Cannot change `T.col` from real to int: 1 collision(s)
would violate uniqueness.

┌─────────┬──────────────────┬──────────────────┐
│ Becomes │ Source rows (id) │ Source values    │
├─────────┼──────────────────┼──────────────────┤
│       3 │ 5, 12            │ 3.14, 3.7        │
└─────────┴──────────────────┴──────────────────┘

Common rules

  • Each detail table is capped at 100 rows. Beyond that, a single trailing row with placeholders and the literal text "and N more" inside the row is rendered inside the table — not as a footer line. Keeps the bordered shape intact.
  • Rows are identified by their primary-key value(s), not by positional indices. SQLite returns rows in unspecified order without ORDER BY, so a positional "row 5" would not be reproducible or addressable by the user. The PK is the natural row identifier in a relational setting and is what the user would type in a where clause to find or fix the offending cell.
    • Single PK: rendered as one column whose header is the PK column name with a trailing (PK) marker (e.g. id (PK)); cells carry the raw PK value with no column= prefix. The marker appears once per table, in the header.
    • Compound PK: one column per PK component, each header annotated (PK) (e.g. a (PK), b (PK)); cells carry the raw component values.
    • Uniqueness-collision tables list the colliding rows' PK values comma-separated inside a single Source rows cell whose header carries the PK column name(s) in parentheses (e.g. Source rows (id) or Source rows (a, b)). Compound-PK source rows render as tuples: (1,2), (1,3).
  • The change-column command always operates on a table with at least one PK column (every create table in v1 produces a PK; the AST permits PK-less tables, but no grammar produces one today). If a PK-less surface ever lands, this section will be revisited.
  • Numeric PK and "Becomes" columns inherit numeric right-alignment from ADR-0016 §2.
  • Cells that would render multi-line content (for text → conversions where source values contain newlines) honour ADR-0016 §3's substitution, so the table stays one display row per logical row.

8. Out of scope

  • OOS-1. Anything ↔ blob conversion. Encoding ambiguity (base64? raw bytes? UTF-8 attempt?) deserves its own discussion.
  • OOS-2. datedatetime direct conversion. Format rewriting is small but warrants a per-conversion test matrix; defer until a real user need surfaces.
  • OOS-3. Resolution-specifying flags (--default, --on-incompatible '<value>', etc.) per the §5 forward-look.
  • OOS-4. Bulk conversions across multiple columns in one command. Each change column runs independently.
  • OOS-5. Cross-row contextual transformations (e.g. "rank by value to fit a smaller numeric range"). The transformer is per-cell, deliberately stateless.

Consequences

  • The placeholder behaviour ("rely on SQLite STRICT") is replaced with a documented per-cell model that produces learner-friendly errors and pedagogical client-side notes.
  • The transformer matrix is an additional surface to keep in step with dsl/value.rs's validators. Each new user-facing type added to the type vocabulary needs its matrix entries reviewed.
  • The [client-side] … note is the load-bearing pedagogical artefact: it's how a learner discovers that the tool did them a favour. Future visualisation / styling work (V4) should preserve its prominence.
  • --dont-convert keeps the door open to a "raw SQL behaviour" learning mode without forcing the user into advanced mode.
  • The forward-look in §5 means --force-conversion's semantics may broaden later. Implementations should treat the flag's effect as "accept loss" rather than as the canonical resolution mechanism.

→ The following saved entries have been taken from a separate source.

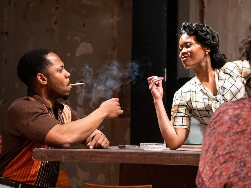 Key to creating the environment of this theater noir was the standout production team at Studio Theatre — literally transforming the Victor Shargai Theatre into the Paradise Club, with tables and chairs and a real bar. Direction by Raymond O. Caldwell orchestrated an enthrallingly frenetic current of energy, emotion, words, and action, electrically complemented by Intimacy Coordinator Sierra Young and Fight Choreographer Robb Hunter. The tactical and immediate set design by Lawrence E. Moten III allowed the audience to play both patron and ghost watching the tumultuous week unfold, and the lighting design by Keith Parham flickered and dimmed along with this production’s heart-stoppingly immersive staging. Musical direction by William Knowles and sound design by Matthew M. Nielson, along with musicians Michael A. Thomas (trumpet) and Mark Saltman (bass), wove together a soundtrack that caused your soul to relax and your pulse to race.
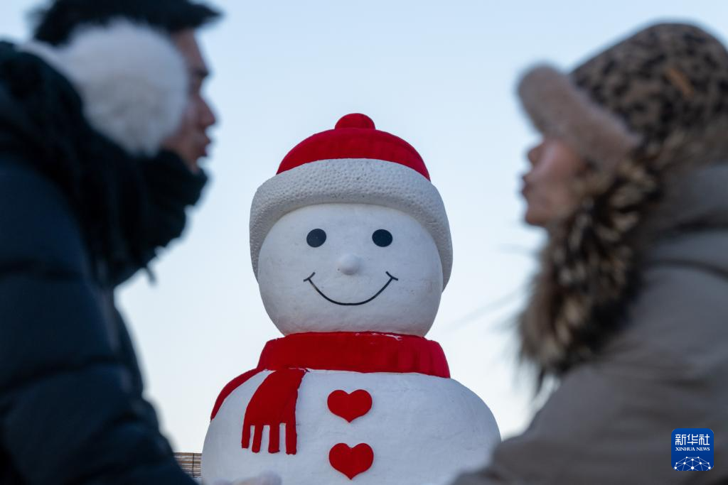 12月17日,游客在哈爾濱松花江畔的大雪人前游覽。
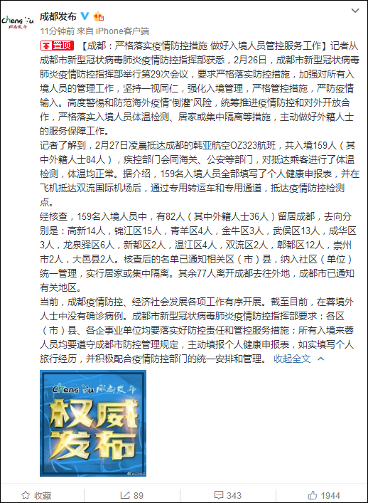 記者瞭解到,2月27日凌晨抵達成都的韓亞航空OZ323航班,共入境159人(其中外籍人士84人),疾控部門會同海關、公安等部門,對抵達乘客進行了體温檢測,體温均正常。據介紹,159名入境人員全部填寫了個人健康申報表,並在飛機抵達雙流國際機場後,通過專用轉運車和專用通道,抵達疫情防控檢測點。
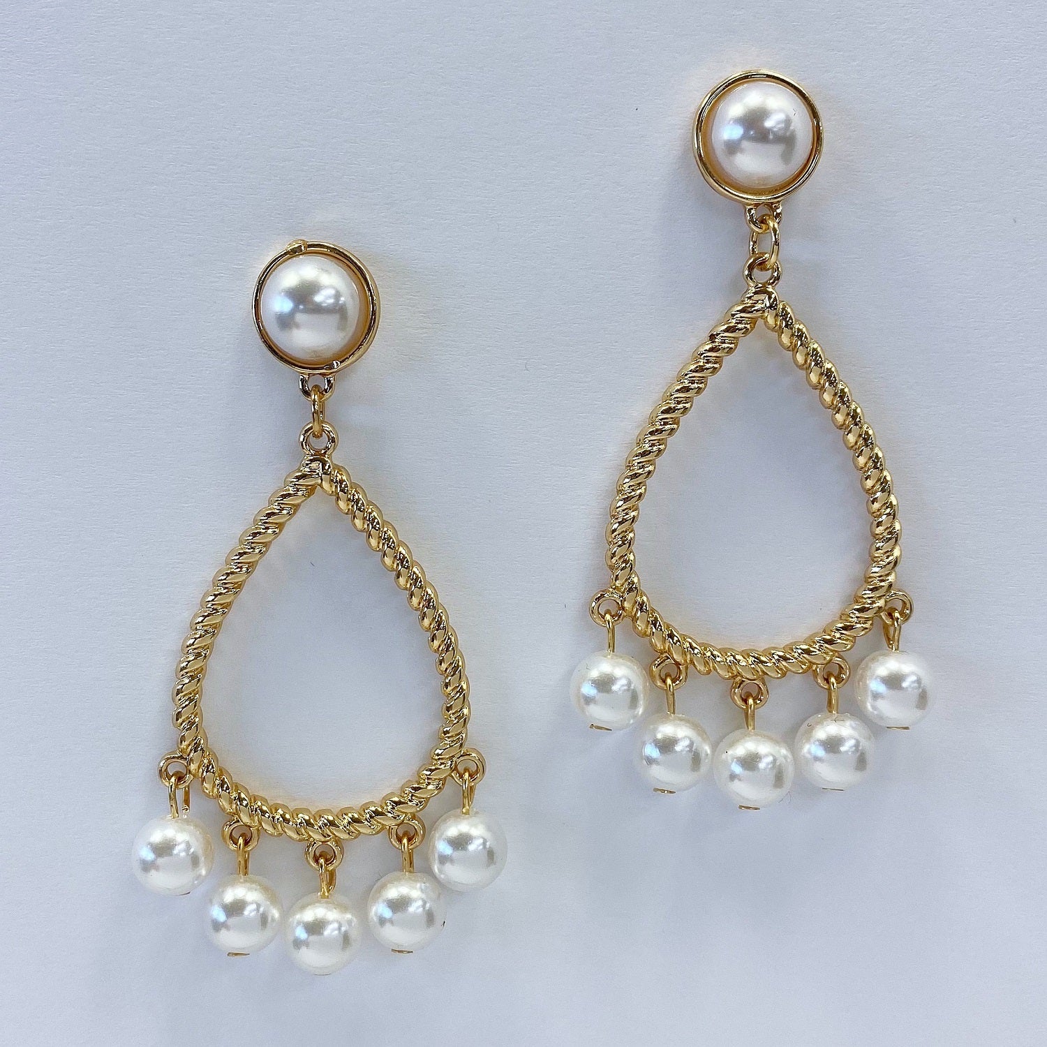 Pearl Decorated Teardrop Shape Drop Dangle Post Earrings
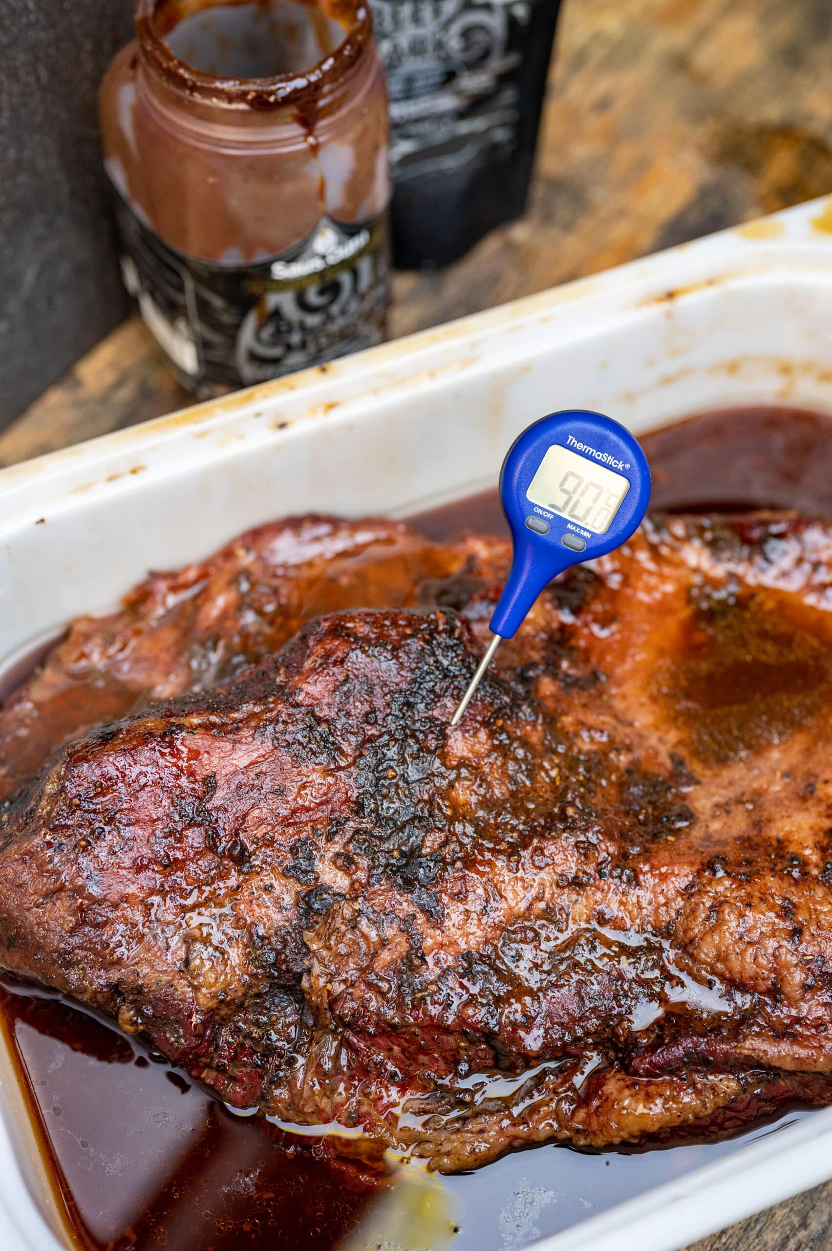 Als de kern van de brisket 92 graden is kan je de brisket er vanaf halen en minimaal een half uur laten rusten voor je hem gaat snijden. Pas op met hete bouillon die tijdens het uitpakken kan vrijkomen.
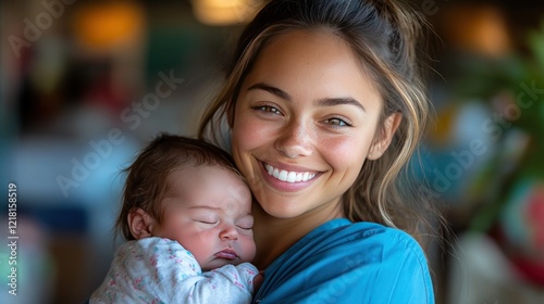 © YZN, Fototapeta premium Happy mother holding sleeping baby in cafe
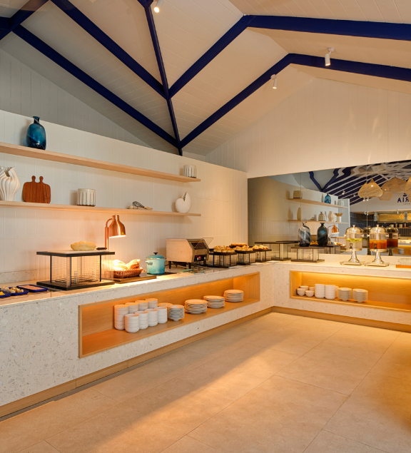 Al Soul Kitchen vengono serviti colazione, pranzo e cena a buffet. I tavoli sono su superficie sabbiosa, mentre l’area buffet su pavimento. Sono presenti due bar: il Sip&Dip vicino alla piscina e al molo della reception sul lato sud e il Beach Shack a metà della spiaggia a nord.
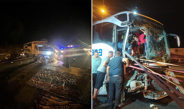 Yolcu otobüsü ile iki kamyonun karıştığı feci kazada...
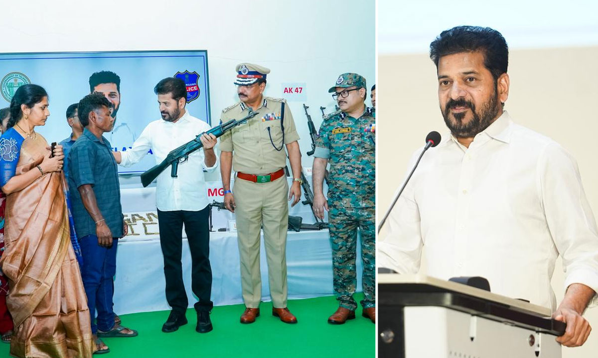 CM Revanth Reddy appeals to Maoist leaders including Ganapati to surrender as 130 Maoists lay down arms with 124 weapons at ICCC Hyderabad.
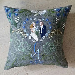 Kudde till ett brudpar som tycker om blått.
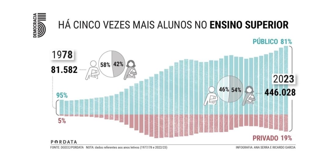 A leitura do infográfico sobre a frequência do Ensino Superior evidencia que em 2023 há cinco vezes mais estudantes que em 1978. Em 2023, 54% destes estudantes são mulheres.
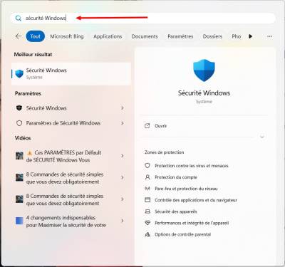 <tab> - Clique sur le menu Démarrer, puis tape “<color #ed1c24>Sécurité Windows</color>” et ouvre l'application.
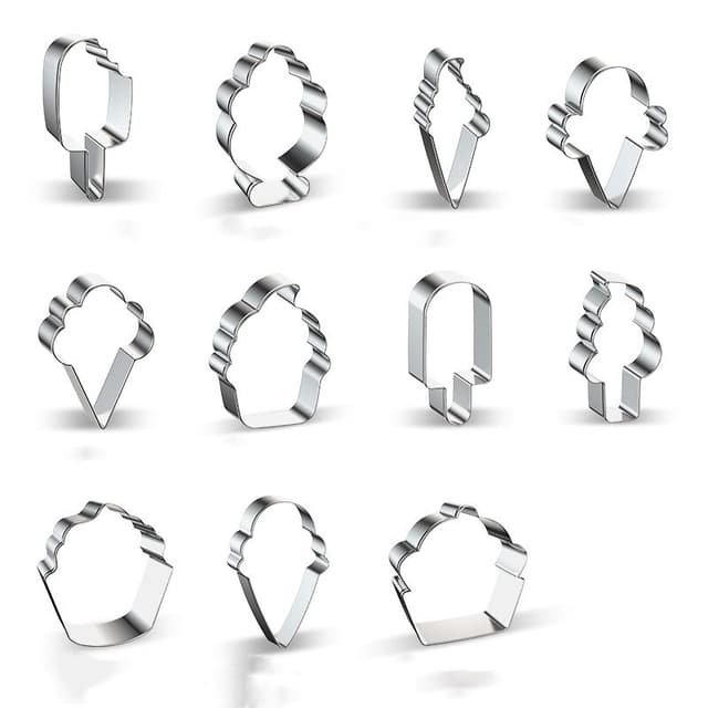 Formene i ulike former er laget av rustfritt stålmateriale, enkle å bruke og rengjøre, perfekt for å lage småkaker, bakverk, desserter, pannekaker og oppskåret kakedeig, fondant, myk frukt, brød, smørbrød, ost, etc.
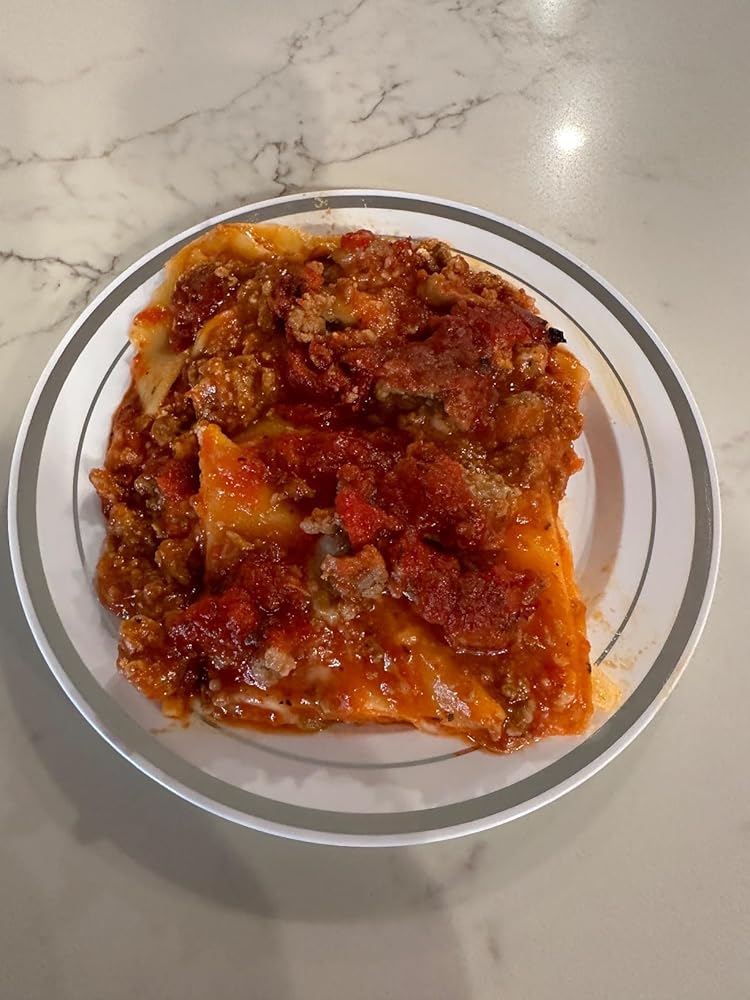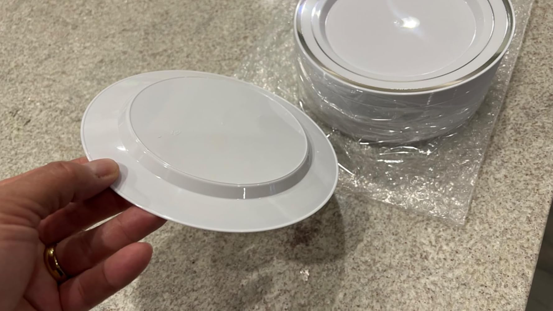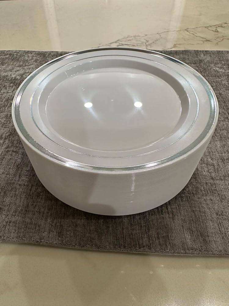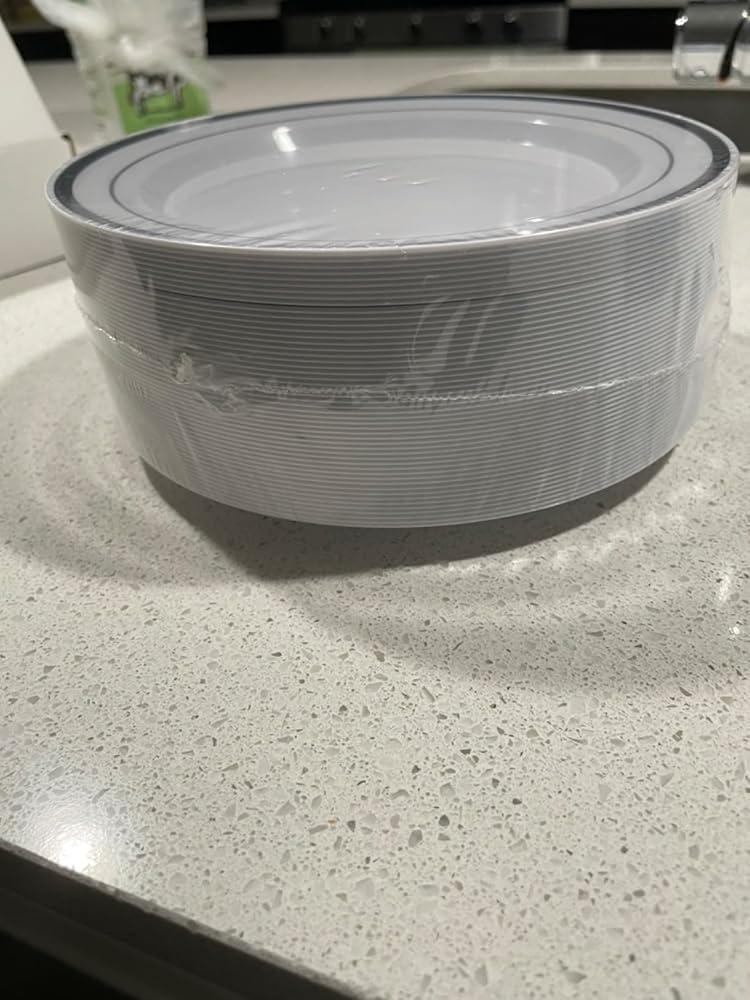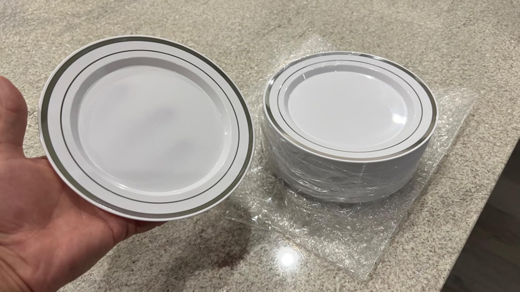 I love these plastic disposable plates. They are great to always have in the kitchen. The plates are super durable. They are also elegant with the silver rim. They are perfect desert plates for parties, birthdays or any gathering. These are great for small meals. I used one for lasagna. A must have.

Relationship to earlier ADRs

  • ADR-0013 — the rebuild-table primitive remains the mechanism. This ADR adds a per-row transformation step between read-out and write-back; the existing primitive can be parametrised by a row-by-row transformer or paired with a sibling helper.
  • ADR-0014 — the per-type validators in dsl/value.rs power the dry-run classification. No changes to those validators; they're consumed read-only here.
  • ADR-0011 — FK target-type compatibility is unaffected. Relationship-involved columns are statically refused before this ADR's matrix is consulted.
  • ADR-0009 — the --force-conversion and --dont-convert flags follow the established long-flag opt-in convention.